[Records excerpted from a collection]
☆ ☆ ☆ ☆

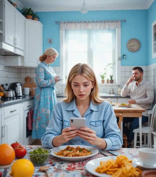 Семейный ужин начался, как обычно: свекровь раздавала советы, Дмитрий шутил, а Андрей молча ел. Ольга наблюдала за ними, её мысли были заняты другими делами, но она всё равно пыталась не потерять нить разговора.
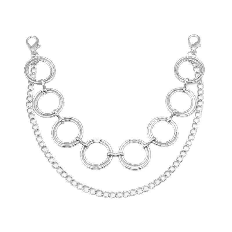 La chaîne a une construction double, composée de deux chaînes reliées à des mousquetons à chaque extrémité. Une chaîne est classique avec des maillons, tandis que l'autre contient de grands anneaux en métal qui créent un design caractéristique et distinguent ce modèle des chaînes ordinaires.
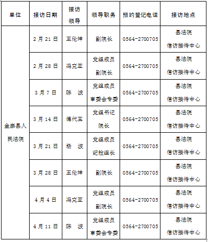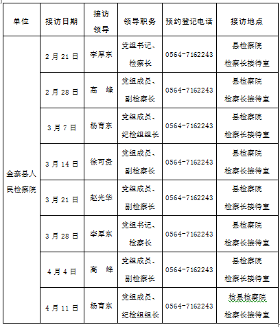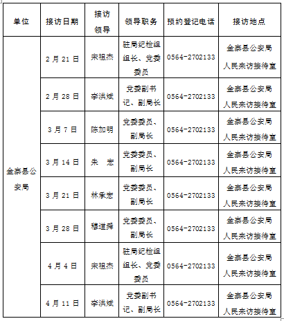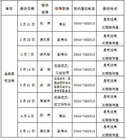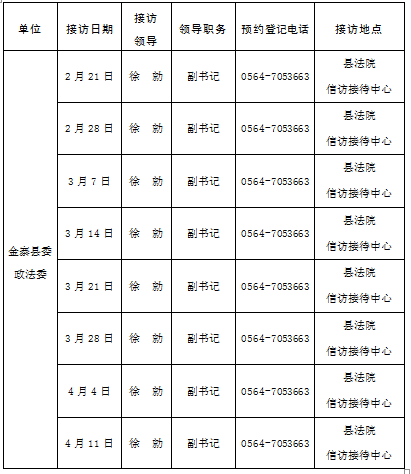 为深入贯彻省委、市委、县委“一改两为”会议精神,切实改进工作作风,持续深化为民办实事,认真倾听群众诉求,着力解决涉法涉诉信访突出问题,金寨县委政法委、县法院、县检察院、县公安局、县司法局将开展联动接访活动。现将接访安排公告如下,请信访群众根据公示内容提前到相关单位预约登记。 2023年2月21日--2023年4月11日,每周二上午8:30-11:30 2023年2月21日--2023年4月11日(工作日期间)
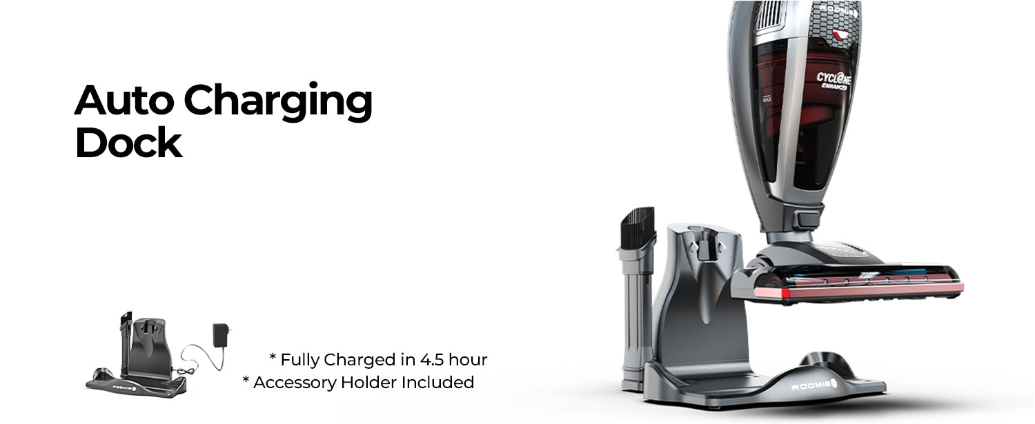 - ✅ Auto Charging Dock - Simply rest our cordless vacuum cleaner on the base for storage and auto recharging. No need to find the plug anymore. Power shuts off automatically when fully recharged.
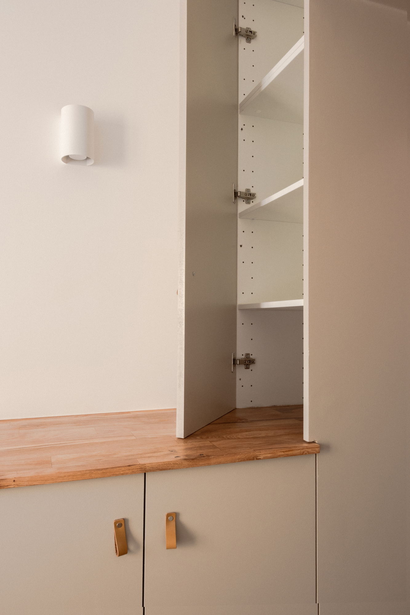 … à l’image du meuble séparant la cuisine du séjour, ces menuiseries sur mesure permettent d’optimiser chaque recoin de la pièce.
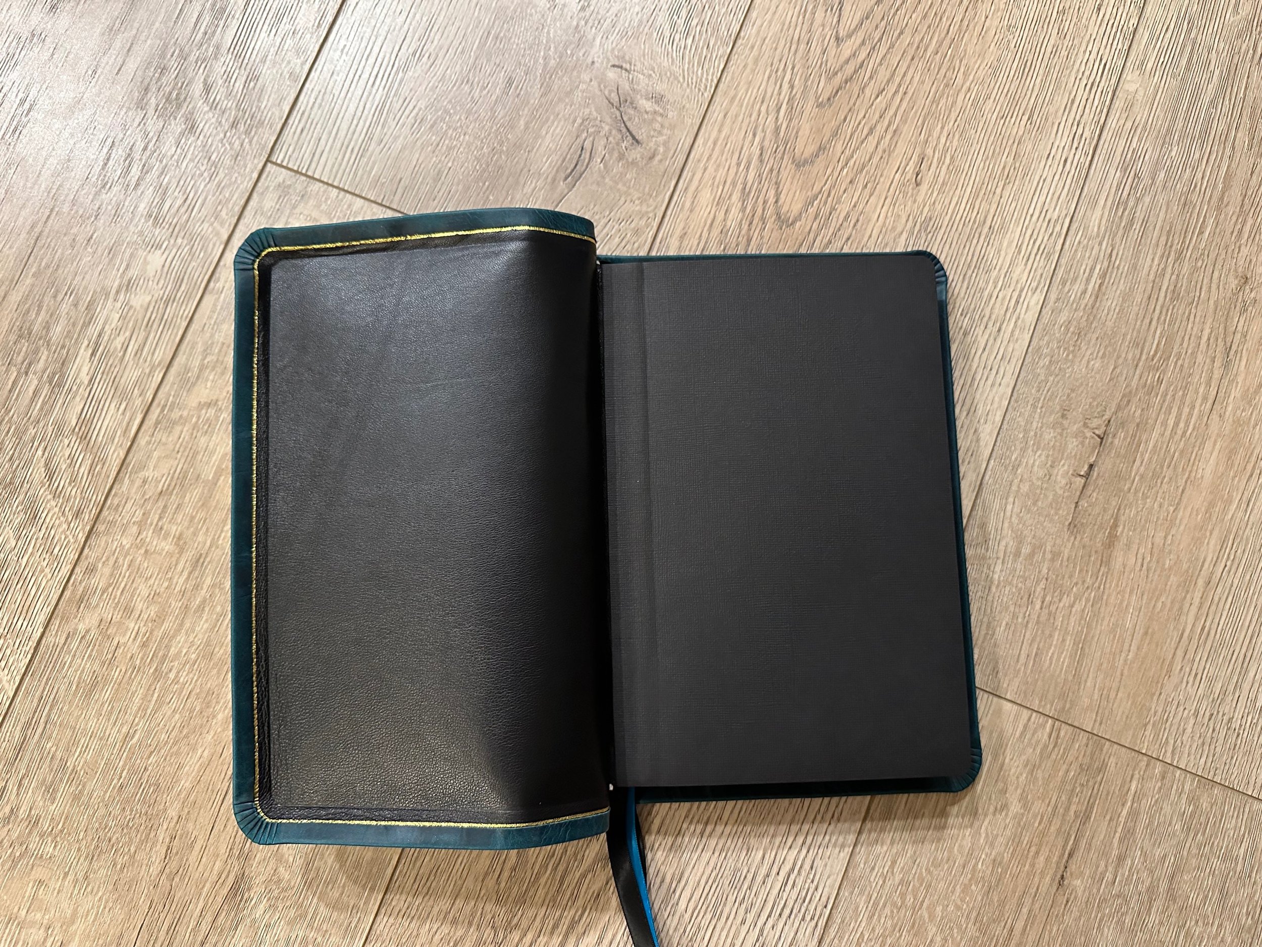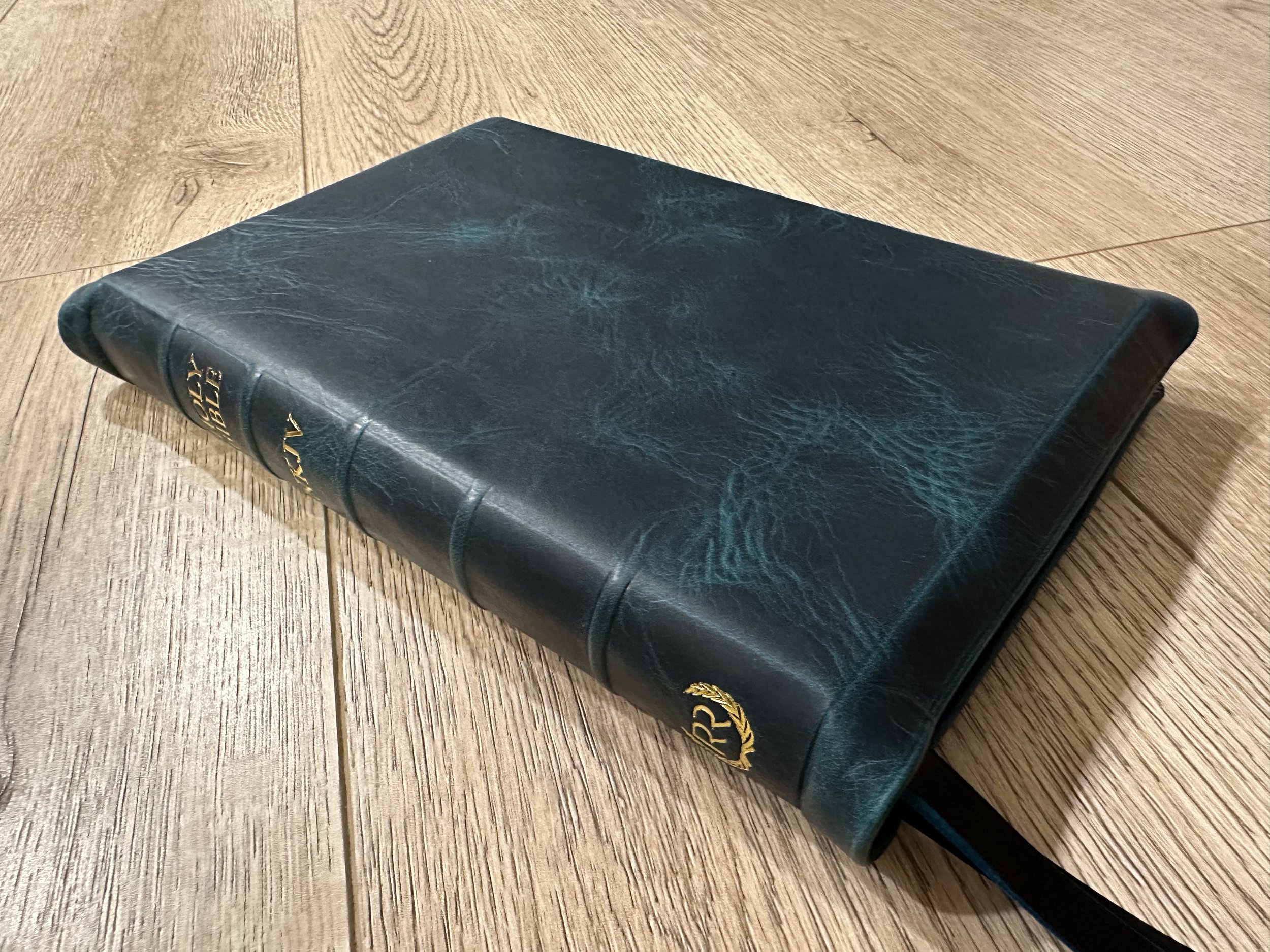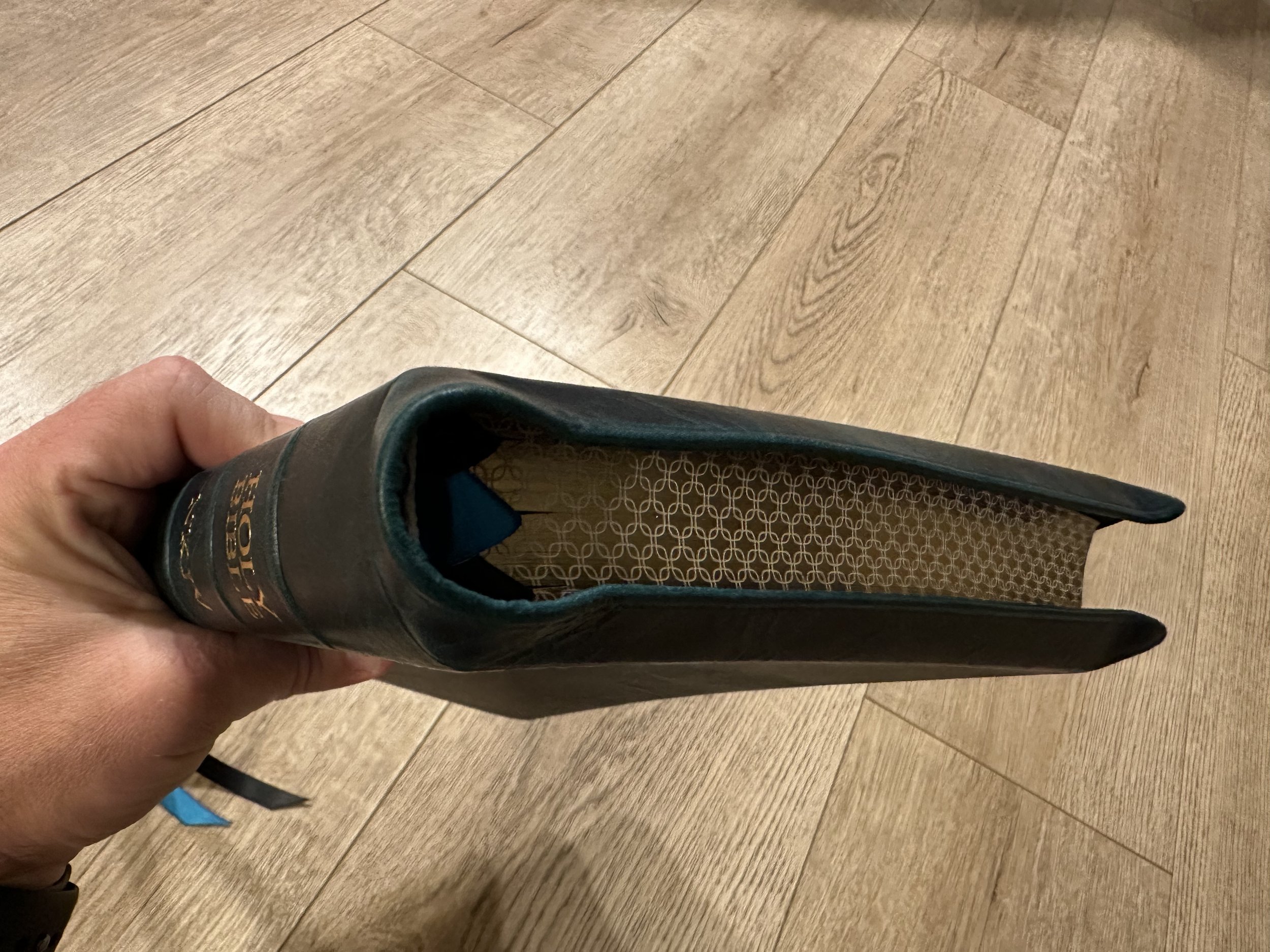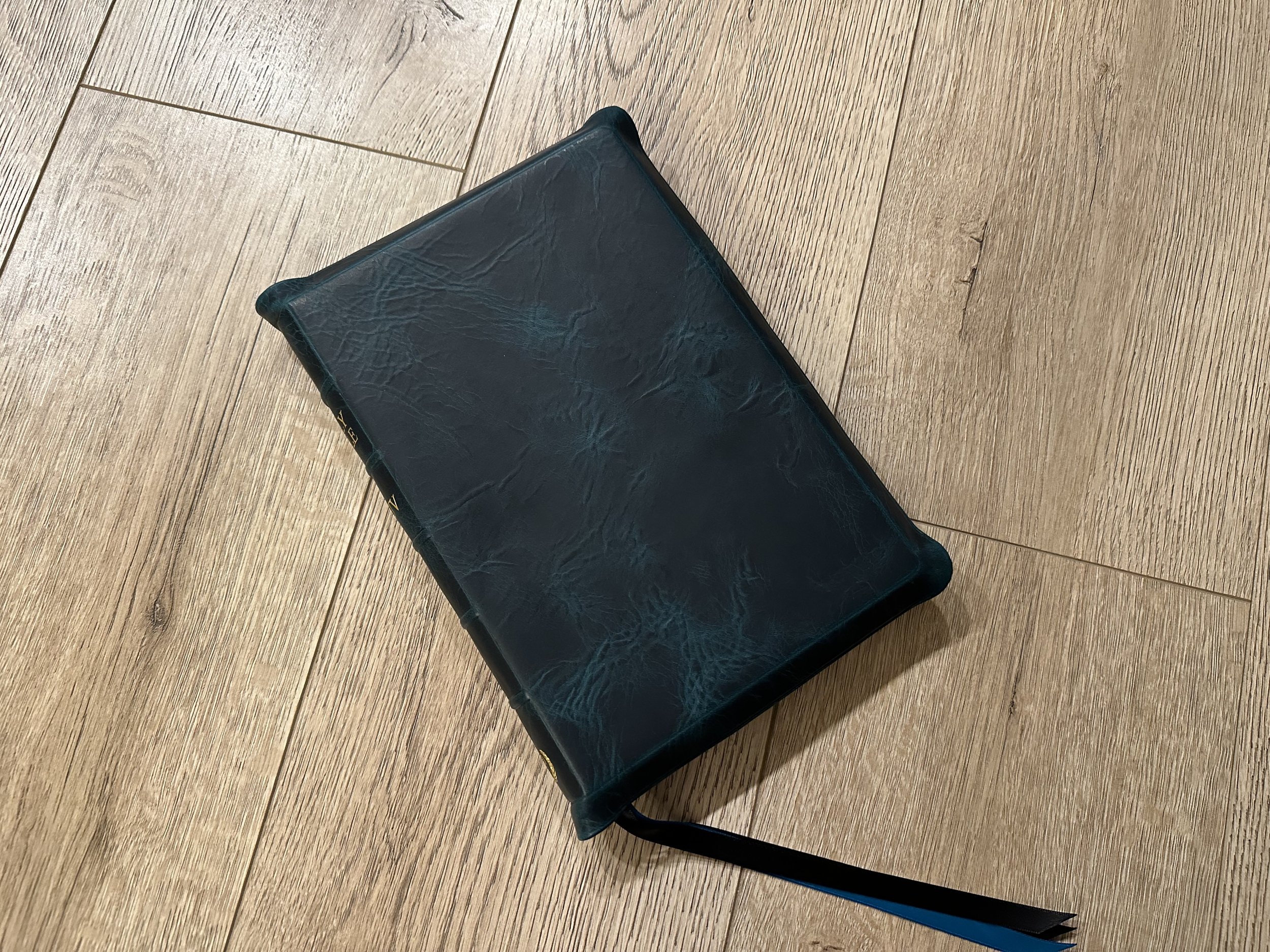 When I received this Bible, I was immediately struck by how beautiful the work is from Reformed and Rebound. This cut of leather is crazy!!! It has this raised, awesome grain that I’d never seen on this leather before. It’s really unique. I also love that this is the a really dark marbled turquoise. I’ve seen some that look more turquoise and some that look more black and then is a really nice blend.
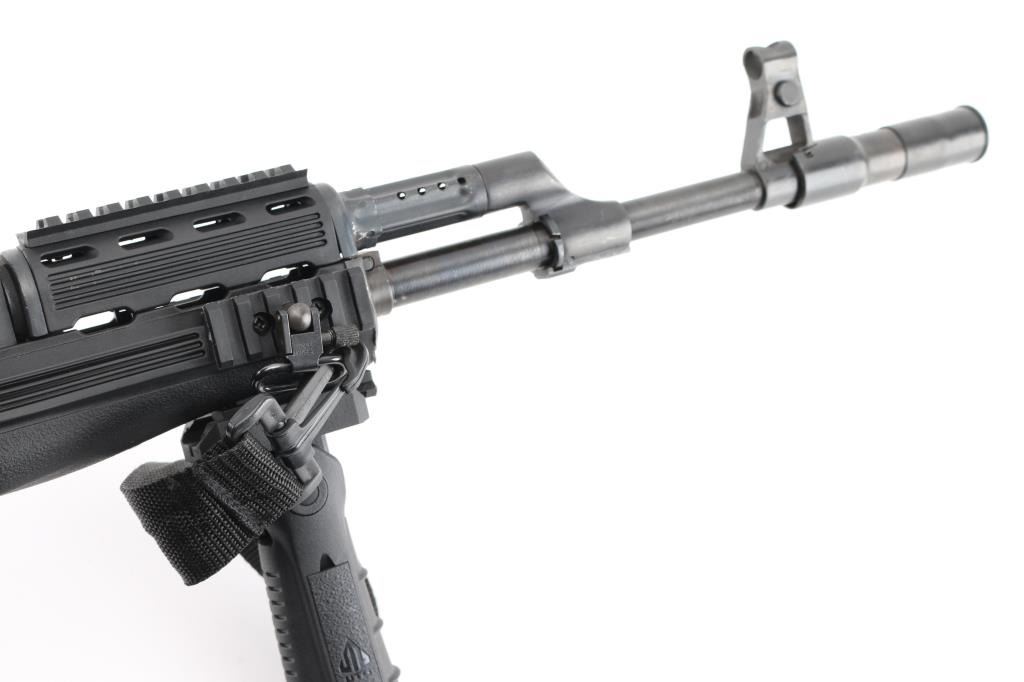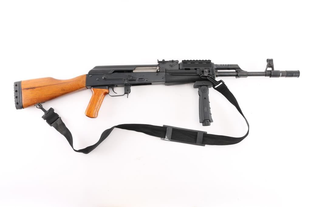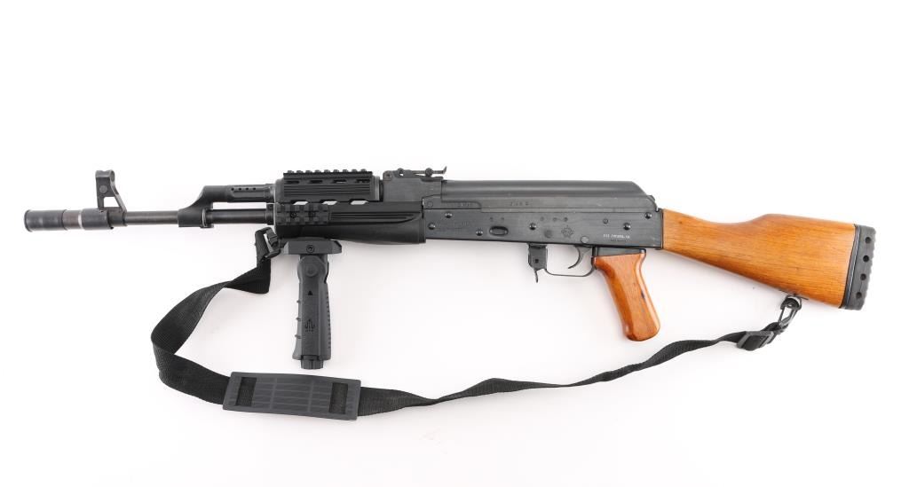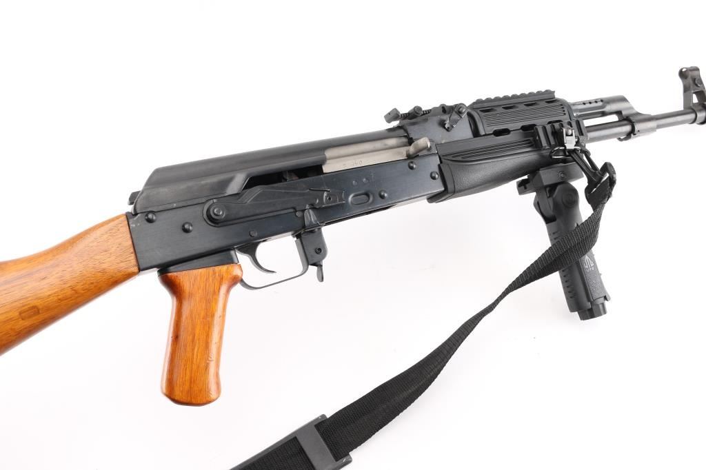 AK47 style semi-automatic sporting rifle chambered in 7.62 X 39mm, made in China.16" barrel with 2" muzzle brake, hooded front post with red accent and adjustable rear sight, blued finish, black vented synthetic forearm with Picatinny rails at 3, 12 and 9 o'clock positions, smooth wood stock with black rubber recoil pad and wood pistol grip, manual safety, magazine release lever, sling swivels. Bore is excellent and action is smooth. Retains 98% of it's finish with some pitting and little rust on muzzle brake. Wood has some shallow scrapes. Comes with attached UTG 5 position front grip and 1 1/2" sling/strap. Condition is NRA Excellent. Modern Firearm.

☆ ☆ ☆ ☆

§ WHAT IS REQUIRED
Set the pictures aside and retype exactly the lines above from the line with "La chaîne a" to the line with "- ✅ Auto Charging", both included, adding no others.

§ TASK RESPONSE
 La chaîne a une construction double, composée de deux chaînes reliées à des mousquetons à chaque extrémité. Une chaîne est classique avec des maillons, tandis que l'autre contient de grands anneaux en métal qui créent un design caractéristique et distinguent ce modèle des chaînes ordinaires.
 为深入贯彻省委、市委、县委“一改两为”会议精神,切实改进工作作风,持续深化为民办实事,认真倾听群众诉求,着力解决涉法涉诉信访突出问题,金寨县委政法委、县法院、县检察院、县公安局、县司法局将开展联动接访活动。现将接访安排公告如下,请信访群众根据公示内容提前到相关单位预约登记。 2023年2月21日--2023年4月11日,每周二上午8:30-11:30 2023年2月21日--2023年4月11日(工作日期间)
 - ✅ Auto Charging Dock - Simply rest our cordless vacuum cleaner on the base for storage and auto recharging. No need to find the plug anymore. Power shuts off automatically when fully recharged.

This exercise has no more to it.